Burası eskiden hep Kelvın'la geldiğimiz yerdi.O kadar güzeldi ki.Yazın cıvıl cıvıl olan yer sonbahar kışta o kadar karamsardı ki hep burda kalmak isterdim.Yapraklar dökülür etrafı sis kaplardı.Dağ yoluydu.Yazın herkes yürüyüş yapardı ama sonbaharda etraf o kadar karanlık o kadar güzeldi ki özlemişim.Beni kucağından indirdi.Elimi tuttu."Eskiler,karanlık eskiler geri gelsin sende bana gel" diyip küçük adımlarla yürümeye başladık.Cidden özlemişim.Onun elini tuttmayı onunla bu yollarda yürümeyi o mis kokusunu içime çekmeyi.Çok özlemişim.Ama o herşeyi unutup başkalarına gitti.O gittiğinden beri buraya hiç gelmedim.Bir kere geldim.Ama oda hemen gözlerimden yaş aktı.Yaşlı bir teyzeyle karşılaşmıştım.Çok cana yakın bir teyzeydi.Ağladığımı görünce oda ağlamaya başladı.Az ilerdeki bankı göstermişti gidip oraya oturmuştuk.Ömrüm boyunca görmediğim teyze o kadar cana yakındı ki.O anlatırken ağlıyordum.Oda kocasını kaybetmiş çok önceden.Onlarda hep burda yürürlermiş.Ama hergün aynı saatte yürürlermiş.O öldükten sonra hiçbir şey değişmemiş gibi yürümeye devam etmiş.Burda yürüyen herkes onu tanırmış.O olanları anlatırken ikimizde ağlıyorduk.O her gün burada yürürken ağlarmış hemde hiç yorulmadan.Merakla kaç yaşında olduğunu sormuştum."76 yaşındayım ve 25 yıldır bu yolda yürüyüp ağlıyorum onsuz" demişti.Çok zor anlar geçirmiş olmalı.25 yıldır sevdiği adam ölmüş ve her gün bu yolda yürüyüp onu hatırlarmış.Ama hala taş gibi kadındı.Hiç yaşını göstermiyor hiç yılmıyordu.Bir an Kelvın'ın kolumu tutmasıyla eski anılarımdan sıyrıldım ve eliyle gösterdiği yere baktım.Gördüğüm şeyi görür görmez gözümden yaş akmaya başlamıştı.Hıçkırıklarımı durduramıyordum.Kelvın'ın omzuna yaslanıp ağlamaya devam etmiştim.Bana gösterdiği şey ise o gün konuştuğum teyzenin fotoğrafı ve altında "26 yıl onsuz ama artık hep onunla 77 yaşında aramızdan ayrıldı sevdiğinin yanına."Ağlıyordum.Bir saat konustuğum teyze için hıçkırıklarla ağlıyordum.Çok cana yakın ve dertli bir teyzeydi.Onunla bir daha konusmayı çok isterdim.Ama aradan bir yıl geçmişti ve o aramızdan gitmişti.Kelvın beni tekrar kucağına alıpyürümeye başlamıştık.Sonunda göz yaşlarım dinmişti ama üzgündüm.Beni kucağından indirdi ve
-İyinmisin?
-Evet.Hayır.Bilmiyorum...
-O kadın kimdi?
-O kadın sadece bir kere konustuğum kadın.

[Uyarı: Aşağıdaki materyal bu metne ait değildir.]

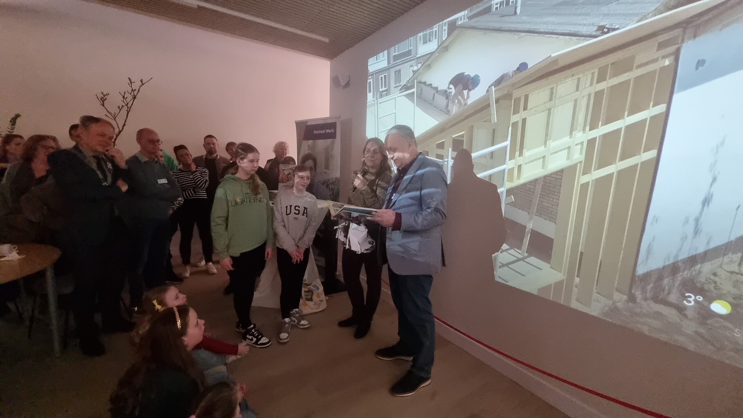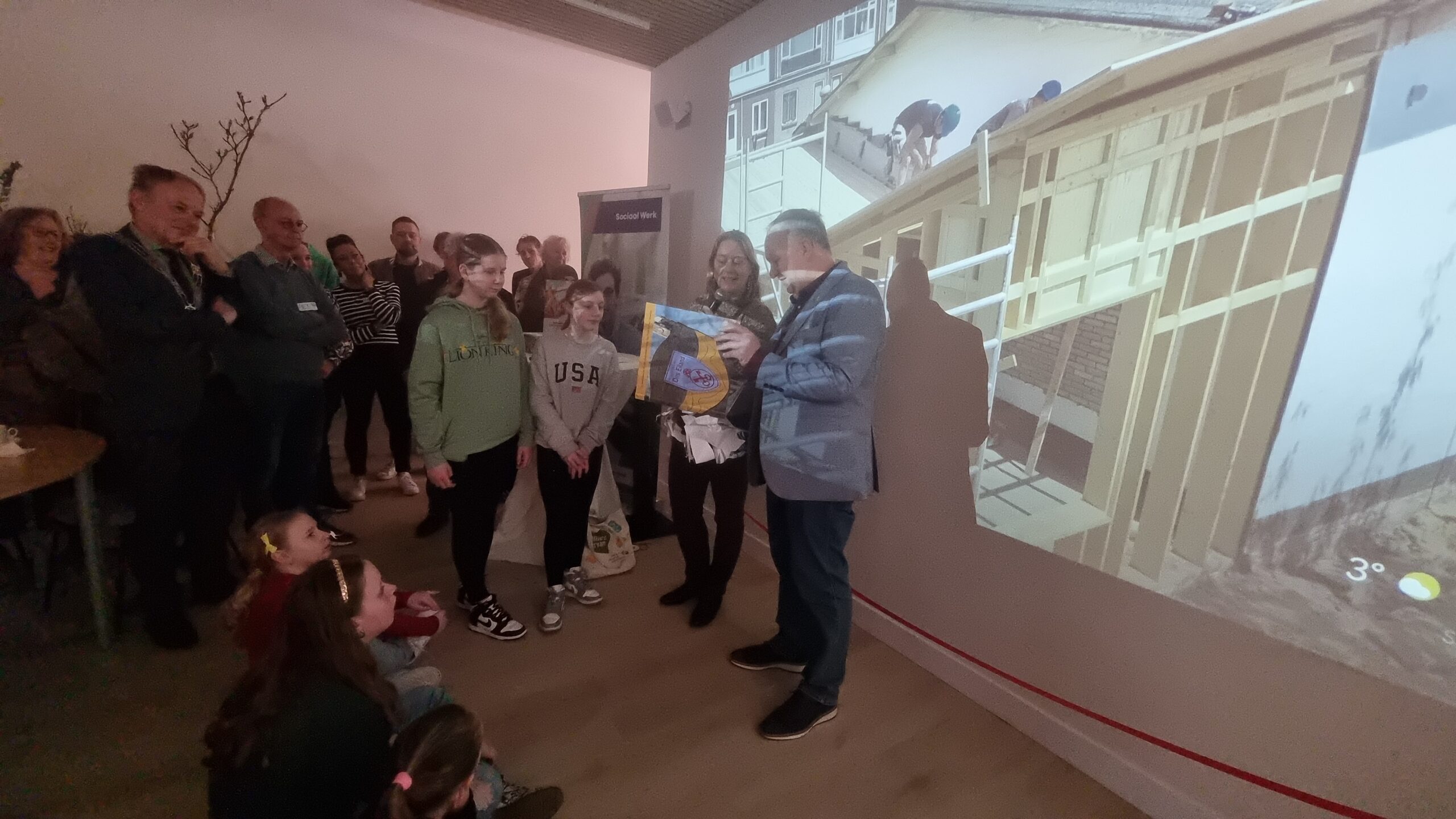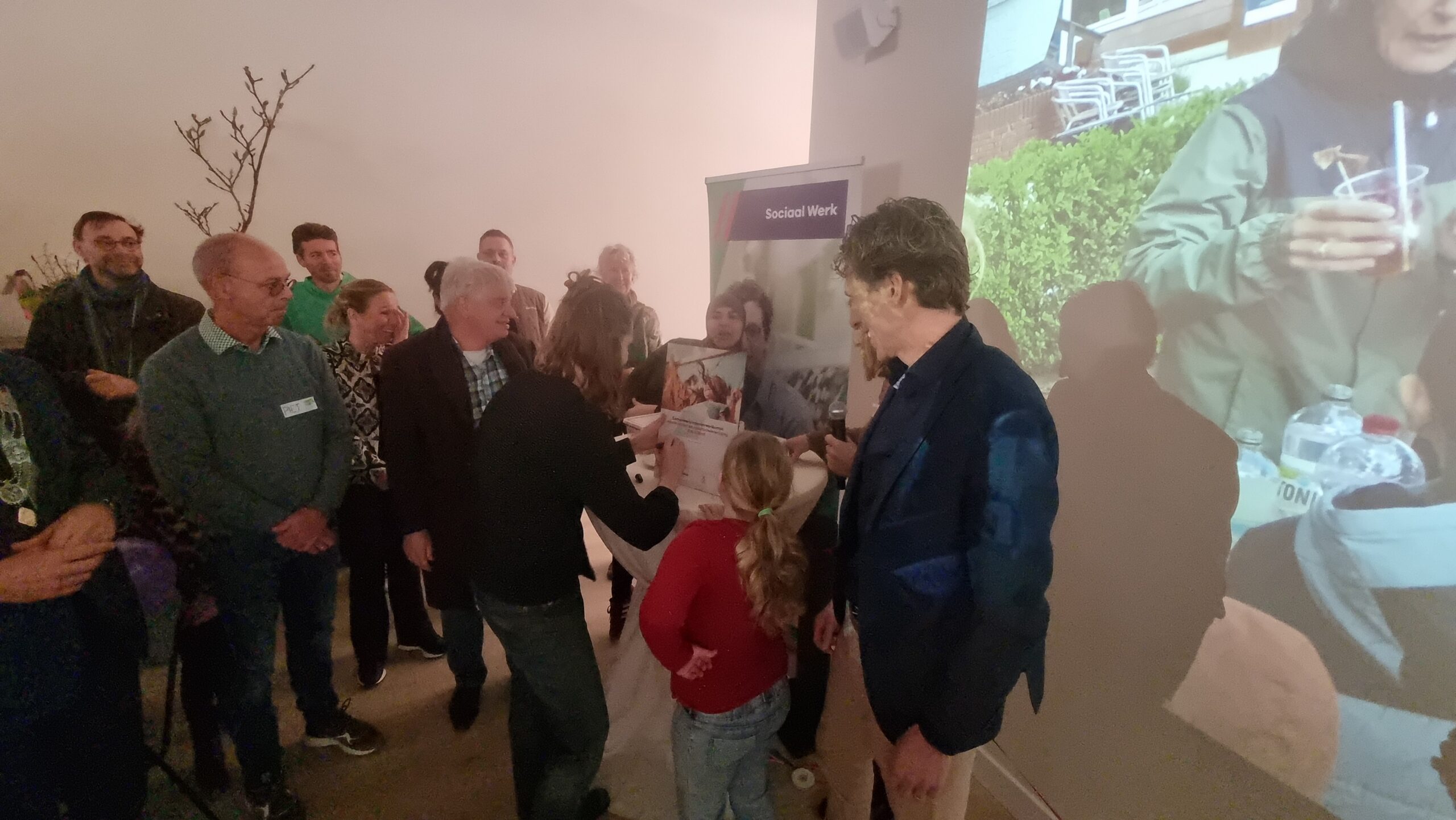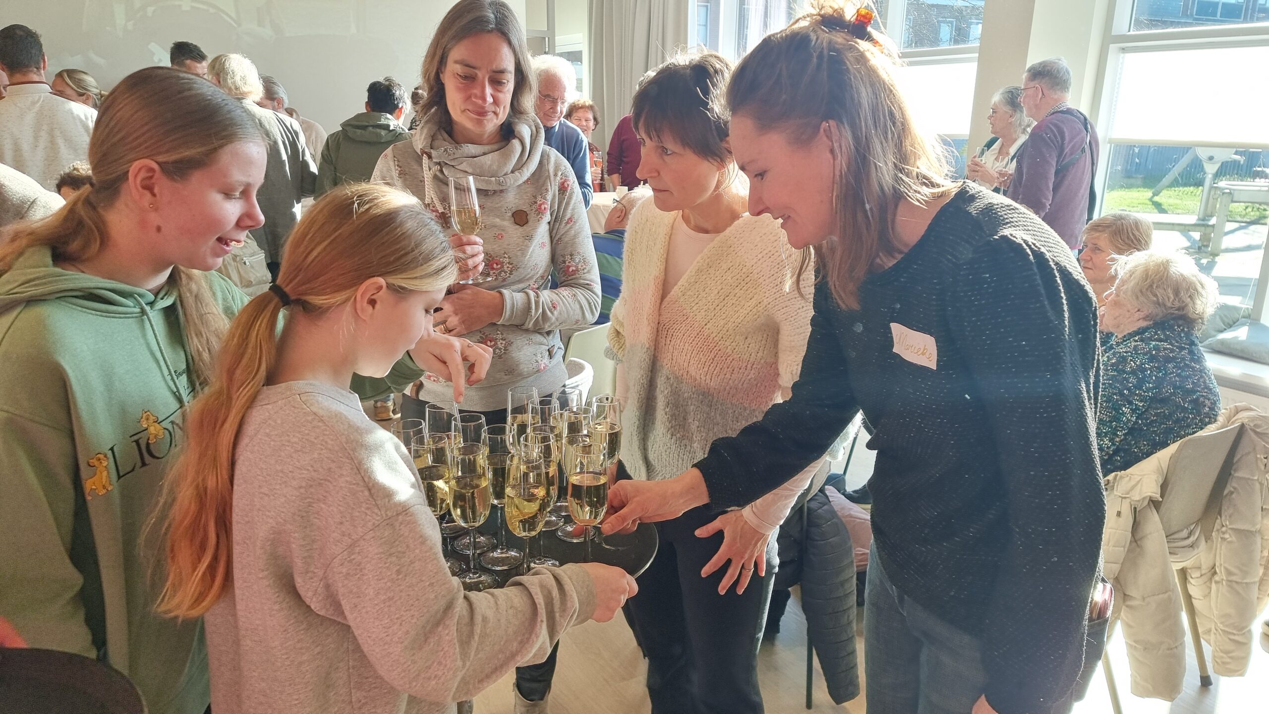 Medewerkers en vrijwilligers van alle betrokken organisaties knipten als openingshandeling gezamenlijk een lang lint door, nadat onder leiding van de burgemeester uitgebreid en steeds sneller was afgeteld… 25, 24, 23…

-Bir kere gördüğün kadın için mi bu kadar ağladın?
-Sesini kes ve dinle.Sen yanımdan siktir olup gittiğinde ben son bir kez burda yürümek istemiştim.Ağlamaktan gözlerim şişmişti ve karşıma o kadın çıkmıştı.25 yıl önce kocasını kaybetmişti ve hergün yaptıkları gibi o öldükten sonra bile burda her gün aynı saatte yürürmüş.Onun sözleri çok etkilemişti.Çok iyi bir kadındı ve burdaki herkes onu tanırmış.
Dedikten sonra ben oda biraz mahçup bir şekilde başını aşağıya eğmişti.Elimi tekrar tutmuştu.Yürümeye devam ediyorduk.Biraz sonra bir banka oturduk.Baya yürümüştük ama ben yorulmamıştım.Onunla yürümeyide çok özlemiştim.Denis'i merak ediyordum.2 gün oldu onunla görüşmeyeli.Benim için neler yapmıştı.Kelvın'a dönüp
-Ben kendi evime gitmek istiyorum.
-Bitanem annenden nefret ediyorsun oraya dönmek istemiyorsun sadece Denis'i merak ediyorsun.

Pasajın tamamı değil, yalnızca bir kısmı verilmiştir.